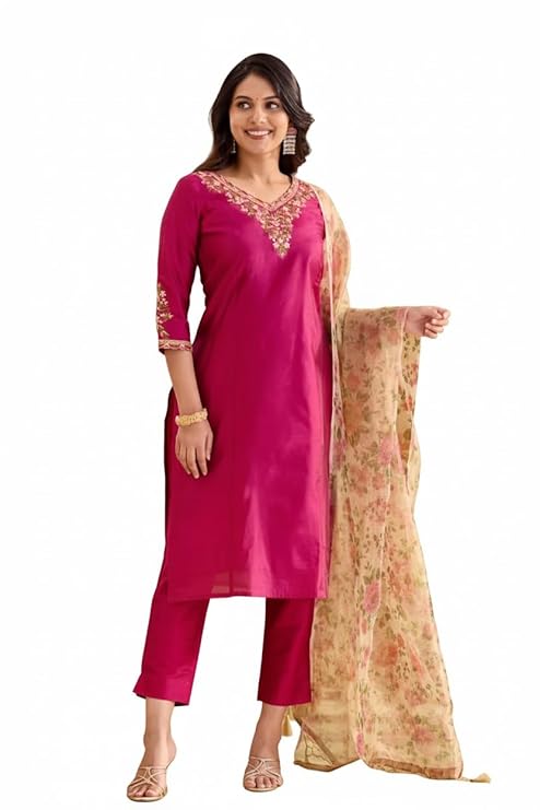 - ELEGANT DESIGN: Vibrant pink straight kurta featuring exquisite embroidery work on the neckline and sleeves, perfect for ethnic occasions and festive celebrations
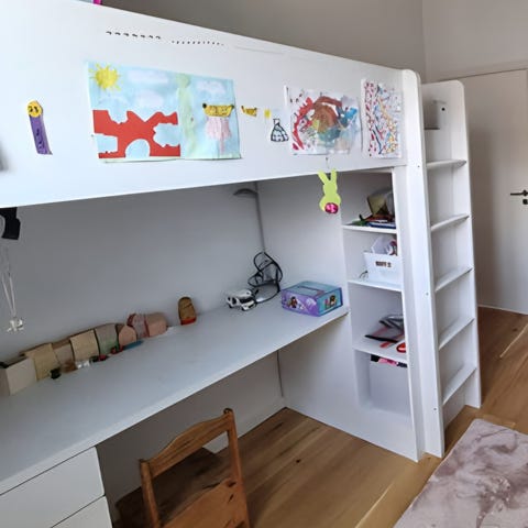 Sengen er velegnet til børneværelse, hvor der er behov for både soveplads, skrivebord og opbevaring til tøj og ting på begrænset plads.
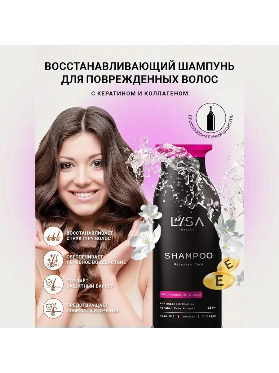 Шампунь Lisa из набора по уходу за волосами серии Recovery Care - секрет здоровых и сильных волос! Наш профессиональный шампунь содержит высокую концентрацию активных ингредиентов, таких как коллаген, кератин, витамин Е и масло амлы, которые глубоко проникают в структуру волоса, обеспечивая профессиональное лечебное действие. Коллаген возвращает естественную эластичность волос, а кератин укрепляет и создает защитный барьер от повреждений, предотвращая ломкость и сечение. Витамин E и масло амлы питают и увлажняют волосы, придавая им здоровый внешний вид и блеск. При регулярном использовании шампуня Lisa Recovery Care ваши волосы станут более сильными, гладкими и эластичными, с улучшенной текстурой, заметной на ощупь. Защитите кончики ваших волос от расщепления и верните им здоровье и жизненную силу с помощью шампуня Lisa. Попробуйте весь набор косметики по уходу за волосами серии Recovery Care и подарите своим волосам глубокое восстановление и увлажнение, которые им так нужны.
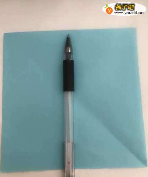 第一步 取一张边长为16厘米的正方形粉蓝色彩纸如图摆放 然后再把它从下向上对角折叠后取开 再把上下两个角都向中线折叠
● ● ● ● ●
▶ **Directions**:
Every line above should be duplicated exactly; the pictures are to be left out.

▶ **Response below**:
 - ELEGANT DESIGN: Vibrant pink straight kurta featuring exquisite embroidery work on the neckline and sleeves, perfect for ethnic occasions and festive celebrations
 Sengen er velegnet til børneværelse, hvor der er behov for både soveplads, skrivebord og opbevaring til tøj og ting på begrænset plads.
 Шампунь Lisa из набора по уходу за волосами серии Recovery Care - секрет здоровых и сильных волос! Наш профессиональный шампунь содержит высокую концентрацию активных ингредиентов, таких как коллаген, кератин, витамин Е и масло амлы, которые глубоко проникают в структуру волоса, обеспечивая профессиональное лечебное действие. Коллаген возвращает естественную эластичность волос, а кератин укрепляет и создает защитный барьер от повреждений, предотвращая ломкость и сечение. Витамин E и масло амлы питают и увлажняют волосы, придавая им здоровый внешний вид и блеск. При регулярном использовании шампуня Lisa Recovery Care ваши волосы станут более сильными, гладкими и эластичными, с улучшенной текстурой, заметной на ощупь. Защитите кончики ваших волос от расщепления и верните им здоровье и жизненную силу с помощью шампуня Lisa. Попробуйте весь набор косметики по уходу за волосами серии Recovery Care и подарите своим волосам глубокое восстановление и увлажнение, которые им так нужны.
 第一步 取一张边长为16厘米的正方形粉蓝色彩纸如图摆放 然后再把它从下向上对角折叠后取开 再把上下两个角都向中线折叠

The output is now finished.